Example: The marks for nine students in Biology and Statistics are as follows:
Biology: 36, 24, 48, 18, 11, 44, 10, 7, 29
Statistics: 31, 32, 46, 24, 9, 50, 13, 5, 33
Calculate the student’s ranks in Biology and Statistics using the Spearman rank correlation.
Solution:
Step 1: Determine the rankings for each subject. To determine the rankings, use the Excel rank function. If you just want to rank by hand, arrange the scores from highest to lowest; designate the rank 1 to the top total, 2 to the next greatest, and so on:
Biology | Rank | Statistics | Rank |
36 | 3 | 31 | 5 |
24 | 5 | 32 | 4 |
48 | 1 | 46 | 2 |
18 | 6 | 24 | 6 |
11 | 7 | 9 | 8 |
44 | 2 | 50 | 1 |
10 | 8 | 15 | 7 |
7 | 9 | 5 | 9 |
29 | 4 | 33 | 3 |
Step 2: To your data, add a third column, d The d computes the change in rank. For example, if the first student has a Biology rank of 3 and a Statistics rank of 5, the difference is 2 points. Square your d values in a fourth column.
Biology | Rank | Statistics | Rank | d Value | d squared |
36 | 3 | 31 | 5 | 2 | 4 |
24 | 5 | 32 | 4 | 1 | 1 |
48 | 1 | 46 | 2 | 1 | 1 |
18 | 6 | 24 | 6 | 0 | 0 |
11 | 7 | 9 | 8 | 1 | 1 |
44 | 2 | 50 | 1 | 1 | 1 |
10 | 8 | 15 | 7 | 1 | 1 |
7 | 9 | 5 | 9 | 0 | 0 |
29 | 4 | 33 | 3 | 1 | 1 |
Step 3: Sum up all the ⅆ squared values.
= 4 + 1 + 1 + 0 + 1 + 1 + 1 + 0 + 1 = 10.
This is required for the formula ∑d². It is the sum of d squared values.
Step 4: Insert the values into the Spearman rank correlation coefficient formula.

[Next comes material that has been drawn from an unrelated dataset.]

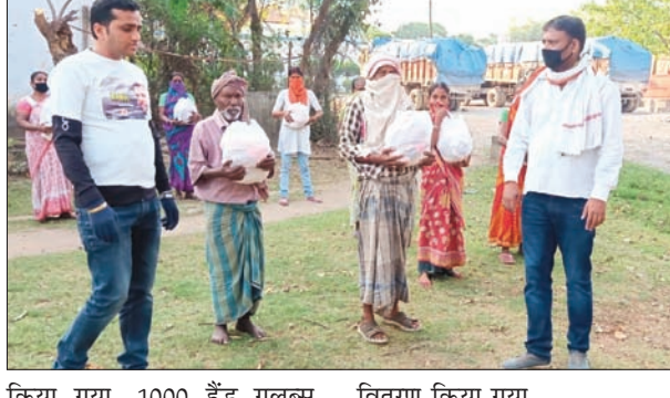
किया गया। 1000 हंडू ग्लब्स, सैनीटाइजर, मास्क एवं साबुन का वितरण किया गया। गोविंदपुर में बाहर से आने

जमशेदपुर, 4 अप्रैल (रिपोर्टर) : युवा कांग्रेस की ओर से गोविंदपुर के विभिन्न क्षेत्रों जहां गरीब तबकों के बीच लगभग 350 परिवार को राशन वितरण किया गया। बर्मागाईस में गांधी आश्रम में लगभग 50 लोगों के बीच राशन दिया गया। 300 लोगों का भोजन की व्यवस्था बगदरारी मे गरीबो के बीच की गई। लोक डाउन में ड्यूटी पर तैनात पुलिस कर्मियों के बीच खाद्य सामग्री एवं शीतल पेय पदार्थ का वितरण

Spearman rank correlation coefficient Formula:
ρ = 1-6∑di²n(n²-1)
ρ = 1-(6*10)9(81-1)
ρ = 1-6∑di²n(n²-1)
ρ = 60720
ρ = 0.9
Thus, The Spearman’s rank correlation coefficient for this series of data is 0.9.
Conclusion:
The Spearman rank-order correlation coefficient is a non – parametric indicator to measure the strength of association among two parameters measured on a statistical data type where variables are in order of a rank. It is represented by the Greek letter ρ and pronounced as rho.
The Spearman correlation coefficient can range between +1 and -1.
- If the Spearman correlation coefficient is +1 – It means perfect positive rank association,
- If the Spearman correlation coefficient is 0 – It means no rank association,
- If the Spearman correlation coefficient is -1 – It means perfect negative rank association.
The stronger the association between the ranks, the closer is the Spearman correlation coefficient to zero.